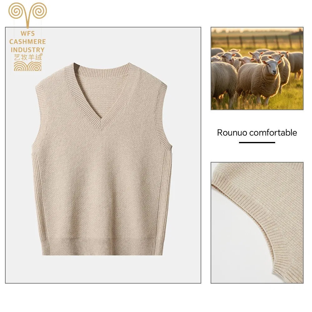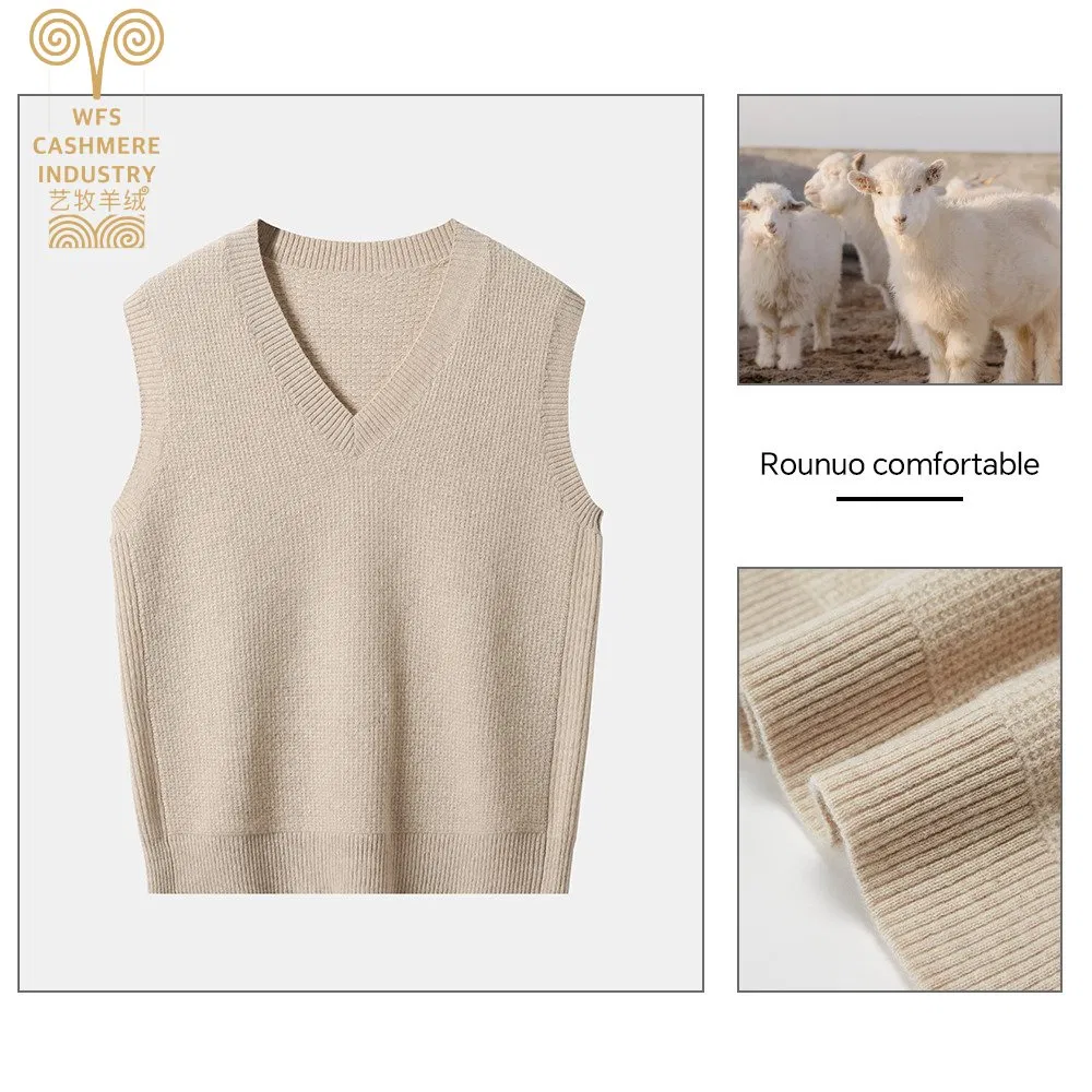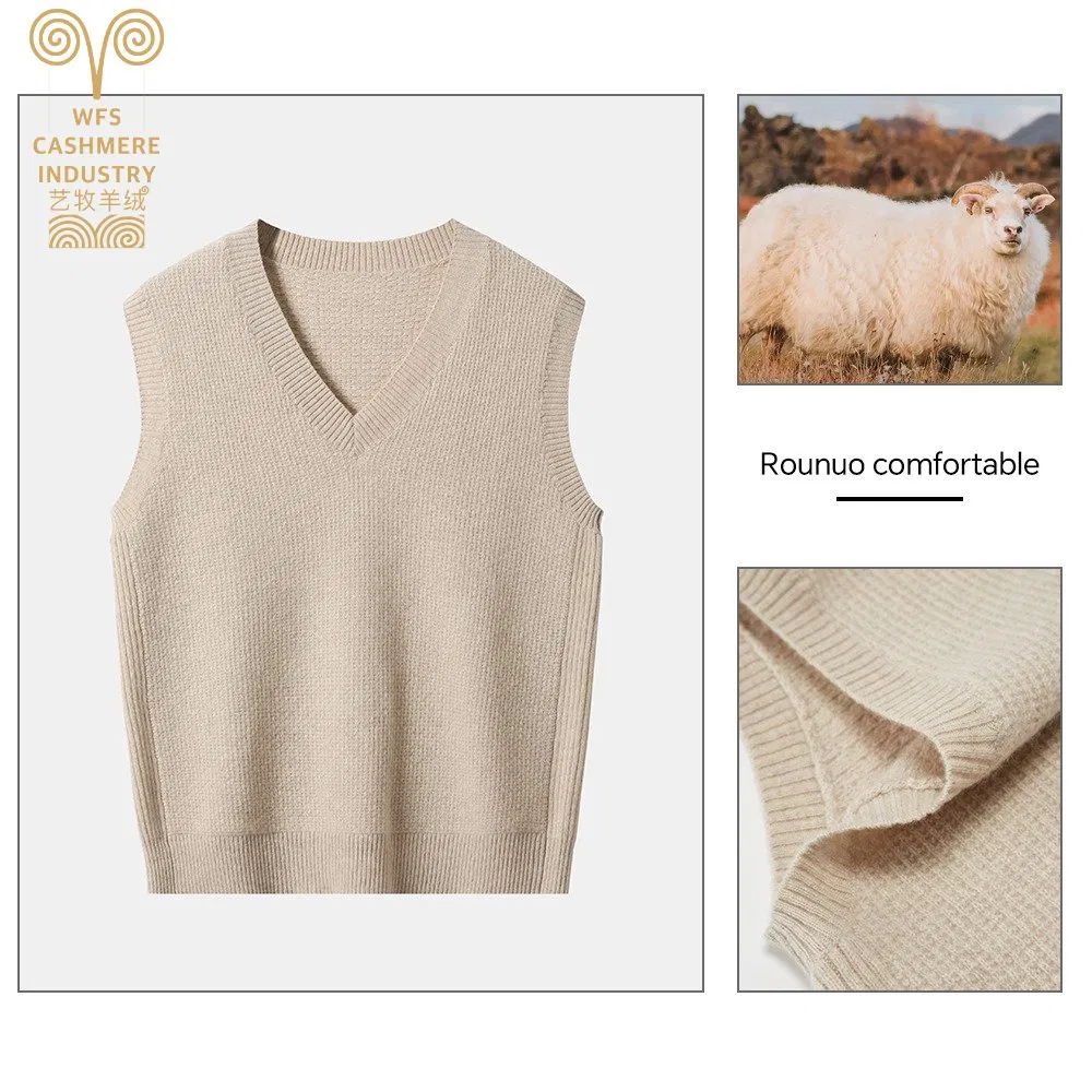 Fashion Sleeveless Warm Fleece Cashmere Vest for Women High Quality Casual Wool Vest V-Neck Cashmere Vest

··········

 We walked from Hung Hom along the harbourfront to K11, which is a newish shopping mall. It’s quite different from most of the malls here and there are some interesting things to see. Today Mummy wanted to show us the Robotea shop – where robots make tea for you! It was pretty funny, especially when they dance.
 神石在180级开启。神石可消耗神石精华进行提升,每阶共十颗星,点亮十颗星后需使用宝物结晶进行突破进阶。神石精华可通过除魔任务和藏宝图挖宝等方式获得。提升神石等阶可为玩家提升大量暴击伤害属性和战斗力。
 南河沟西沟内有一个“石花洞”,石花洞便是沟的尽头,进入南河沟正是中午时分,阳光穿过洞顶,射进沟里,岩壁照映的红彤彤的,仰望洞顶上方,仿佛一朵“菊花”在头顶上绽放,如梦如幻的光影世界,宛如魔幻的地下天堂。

··········

> **ACTION ITEM**
The response should hold exactly the lines starting at the line with "We walked from" and ending at the line with "神石在180级开启。神石可消", and no other line of the material above.

> **RESPONSE BELOW**
 We walked from Hung Hom along the harbourfront to K11, which is a newish shopping mall. It’s quite different from most of the malls here and there are some interesting things to see. Today Mummy wanted to show us the Robotea shop – where robots make tea for you! It was pretty funny, especially when they dance.
 神石在180级开启。神石可消耗神石精华进行提升,每阶共十颗星,点亮十颗星后需使用宝物结晶进行突破进阶。神石精华可通过除魔任务和藏宝图挖宝等方式获得。提升神石等阶可为玩家提升大量暴击伤害属性和战斗力。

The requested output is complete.